Click Undo within 15s	`POST .../undo/:toolUseId` invokes `workouts.delete` with `{ id: <newWorkoutId> }`. Audit rows for both.
Click Undo on a tool with no declared inverse	`422 { code: 'no_inverse' }`.
Click Undo on a `failed` tool	`422 { code: 'not_succeeded' }`.
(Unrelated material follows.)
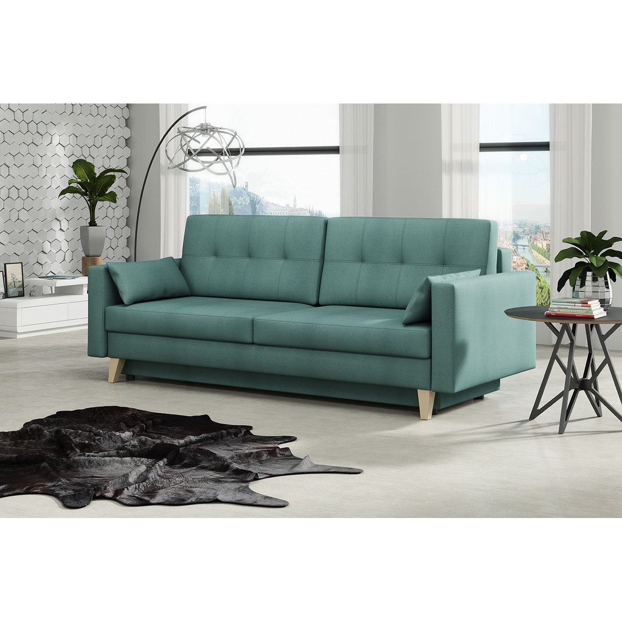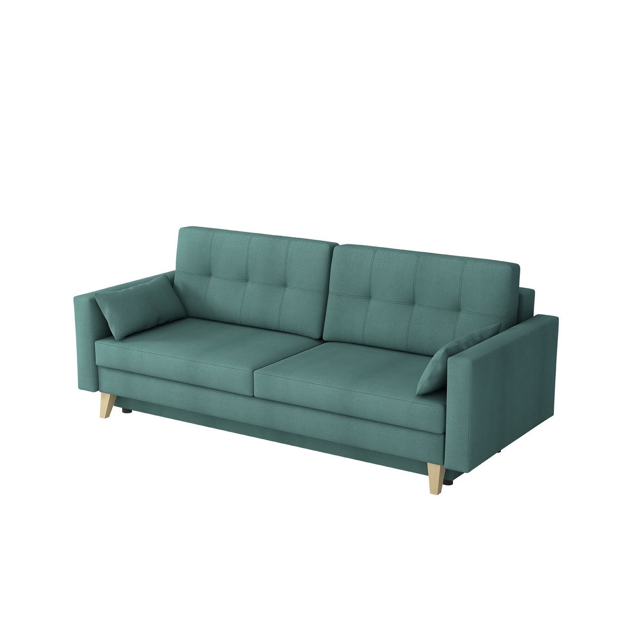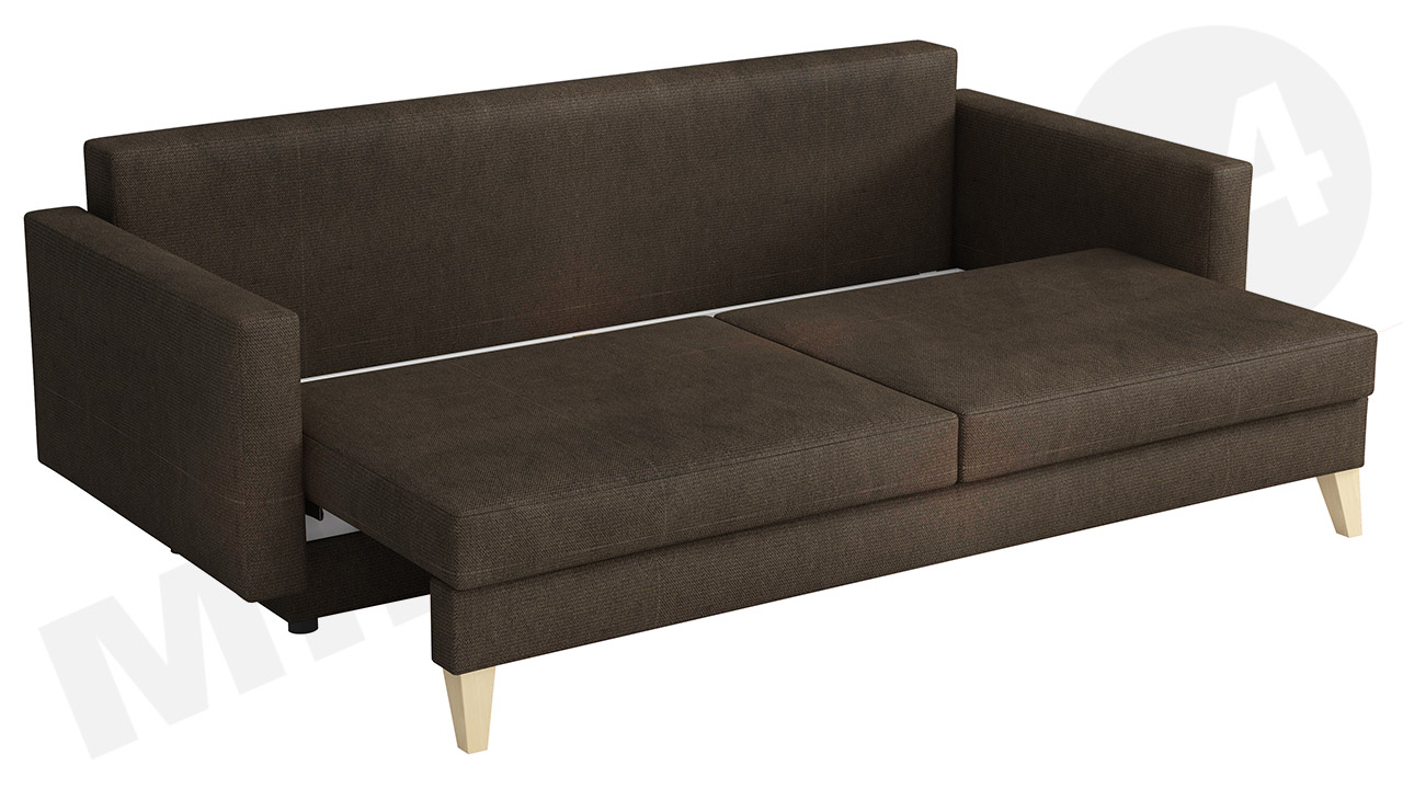 Rozkladacia pohovka Ominel je plná milosti, štýlu a jemnej elegancie. Za tento efekt sú zodpovedné vznešené švy na chrbte a vysoké drevené nohy. Vďaka tomu sú pohovka ľahká a elegantná. Dekoratívne detaily sú dva malé vankúše. Okrem estetických hodnôt je pohovka plne funkčná. Model má funkciu na spanie a kontajner na posteľnú bielizeň. Ominel je voľne stojaca pohovka, ktorá poskytuje vysoký komfort používania. Použité komponenty sú zodpovedné za pohodlie a relaxáciu.

Workout build (structured)

Prompt	Expected sequence
”7 ROUNDS FOR TIME: 200m run, 5 HSPU, 10 KB swing, 15 air squat”	1) `read.exercises_resolve_batch({ names: [...] })`. 2) `workouts.create({ mode: 'structured', title: '7 Rounds For Time', scoring: 'time' })`. 3) `workouts.set_sections(...)` with 1 section `shape: 'rounds', config: { rounds: 7 }` and 4 movements, each rep-counted movement carries `prescription.reps`.
Fran	`shape: 'rep_scheme', config: { repsScheme: [21,15,9] }`; movements have `load.kind = 'absolute', value: 43, unit: 'kg'`; no per-movement reps.
”5x5 back squat at 80% 1RM”	`shape: 'linear'`; one movement `prescription = { sets: 5, reps: { kind: 'fixed', value: 5 }, load: { kind: 'percent_1rm', value: 80 } }`.
Same prompt on a `lite` tier org (no `workout_builder` feature)	Agent emits one `workouts.create` with `mode: 'freeform'` and the body in `description`. No `set_sections` call.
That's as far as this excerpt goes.